Pictures stay out; everything else in the listing below is to be restated word for word.

[Information shown]:
━━━
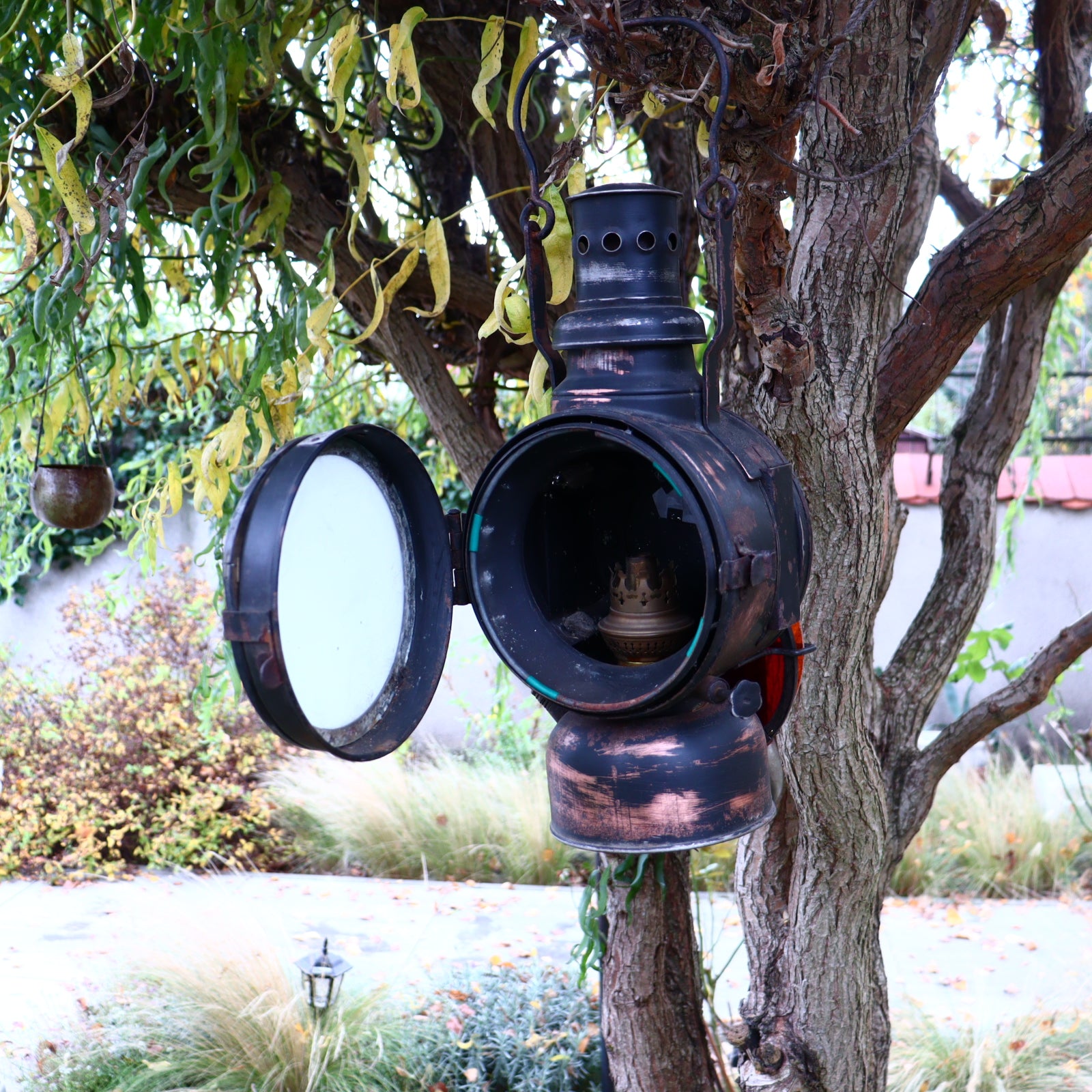 Oil railway lanterns, from the late 19th century through to the mid-20th century, played a vital role in railway safety systems. They were used for signaling, marking wagons and locomotives, and providing portable light for railway workers. Equipped with interchangeable colored filters, these lanterns could convey different messages in poor weather conditions or at night. Their sturdy metal construction and durable glass or acrylic covers made them reliable and easy to handle in demanding outdoor environments.
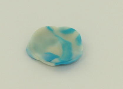 Create the Bubbles Condition ¼ bar of the premo! White Translucent as described above. Form a long coil from the Translucent. Using a pinch of conditioned Turquoise form a long coil, it should be very thin. Twist the 2 coils together and then form a ball and mix until they are marbled, not thoroughly mixed.
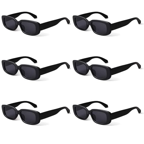 Generic - نظارة شمس للجنسين، عصرية بتصميم مستطيل وإطار مربع عتيق للحماية من الاشعة فوق البنفسجية، لون أسود 6 قطعة
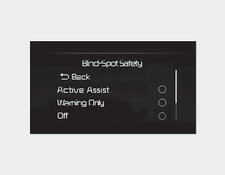 เมื่อเครื่องยนต์ติดอยู่ ให้เลือก 'ความช่วยเหลือสำหรับผู้ขับขี่ → ระดับเสียงเตือน' จากเมนูการตั้งค่าเพื่อเปลี่ยนระดับเสียงเตือนสำหรับระบบช่วยเหลือป้องกันการชนจากมุมอับสายตา
━━━
[Final answer]:
 Oil railway lanterns, from the late 19th century through to the mid-20th century, played a vital role in railway safety systems. They were used for signaling, marking wagons and locomotives, and providing portable light for railway workers. Equipped with interchangeable colored filters, these lanterns could convey different messages in poor weather conditions or at night. Their sturdy metal construction and durable glass or acrylic covers made them reliable and easy to handle in demanding outdoor environments.
 Create the Bubbles Condition ¼ bar of the premo! White Translucent as described above. Form a long coil from the Translucent. Using a pinch of conditioned Turquoise form a long coil, it should be very thin. Twist the 2 coils together and then form a ball and mix until they are marbled, not thoroughly mixed.
 Generic - نظارة شمس للجنسين، عصرية بتصميم مستطيل وإطار مربع عتيق للحماية من الاشعة فوق البنفسجية، لون أسود 6 قطعة
 เมื่อเครื่องยนต์ติดอยู่ ให้เลือก 'ความช่วยเหลือสำหรับผู้ขับขี่ → ระดับเสียงเตือน' จากเมนูการตั้งค่าเพื่อเปลี่ยนระดับเสียงเตือนสำหรับระบบช่วยเหลือป้องกันการชนจากมุมอับสายตา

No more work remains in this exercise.